Beam – session window does not emit results as expected
I’m building an Apache Beam (v2.0) pipeline to run in Google Cloud Dataflow. The expected flow is:
- Event streams from Pub/Sub (unlimited data sources). They are simple JSON objects with
a sessionId
property (property). - Using custom DoFn to write events to
KV<String, String>
their key is that thesessionId
value is the entire JSON object. - Window events using the Session window (interval duration is 2 seconds in development and approximately 30 minutes in production).
- Now, only the results emitted from each window are printed
The pipeline code is as follows:
Pipeline pipeline = Pipeline.create(options);
pipeline.apply(PubsubIO
.readStrings()
.fromSubscription(options.getSubscription()))
.apply("AddKeyFn", ParDo.of(new DoFn<String, KV<String, String>>() {
@ProcessElement
public void processElement(ProcessContext c) {
Gson gson = new Gson();
String key = (String) gson.fromJson(c.element(), HashMap.class).get("sessionId");
KV<String, String> kv = KV.of(key, c.element());
c.output(kv);
}
}))
.apply(Window.<KV<String, String>>into(Sessions.withGapDuration(Duration.standardSeconds(2))))
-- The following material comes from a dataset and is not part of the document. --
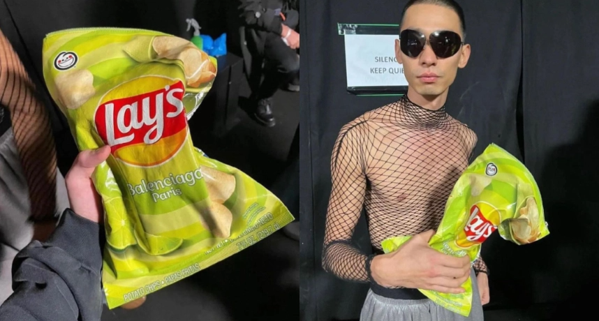 巴黎世家推出的「乐事薯片包」是由巴黎世家2023年春夏大秀上,由Kanye West的保安服造型Look开场的模特带上秀场,当场就吸引了不少人的目光,而这也正印证了那句话:“奇葩设计千千万,巴黎世家占一半”。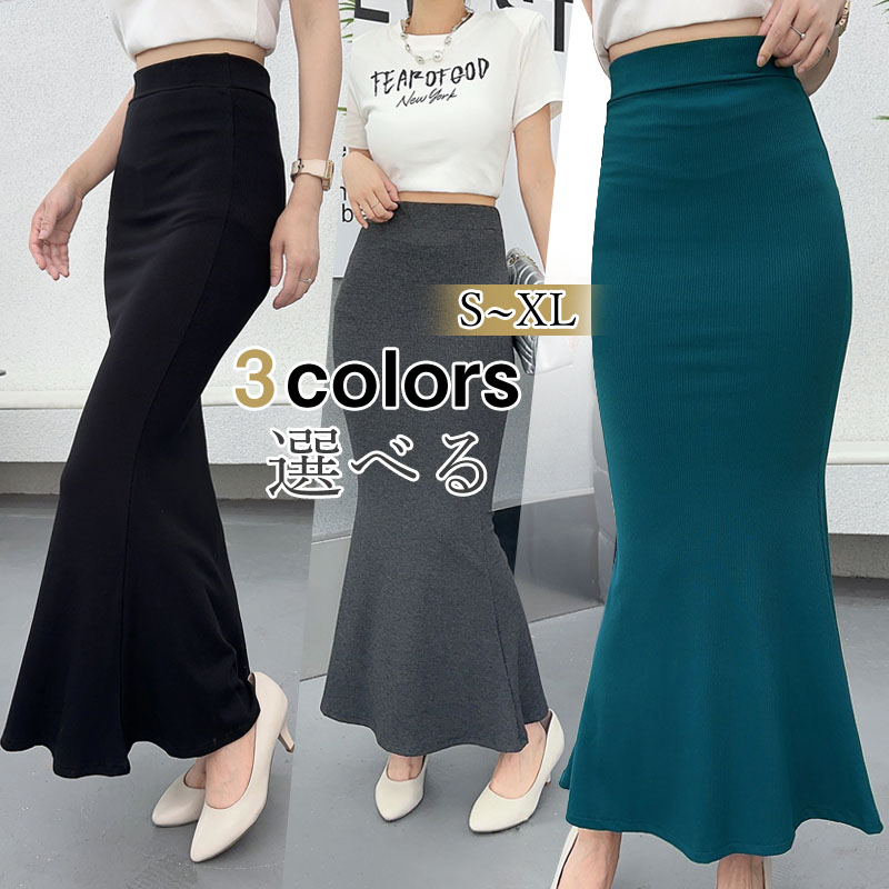 人魚 美ライン マーメイドライン ロングスカート ハイウエスト エレガント ゴムウエスト ライン ストレッチ素材 可愛い 着痩せ 美脚 きれいめ 女子会 二次会 お出かけ

.apply("PrintFn", ParDo.of(new DoFn<KV<String, String>, Void>() {
@ProcessElement
public void processElement(ProcessContext c) {
System.out.println("****");
System.out.println(c.element());
System.out.println(c.timestamp());
}
}));
return pipeline.run();
I want the Window function to emit a result for each session (key-based) at the end of each session. I’m using a publish/subscribe emulator for testing purposes and just sending data randomly.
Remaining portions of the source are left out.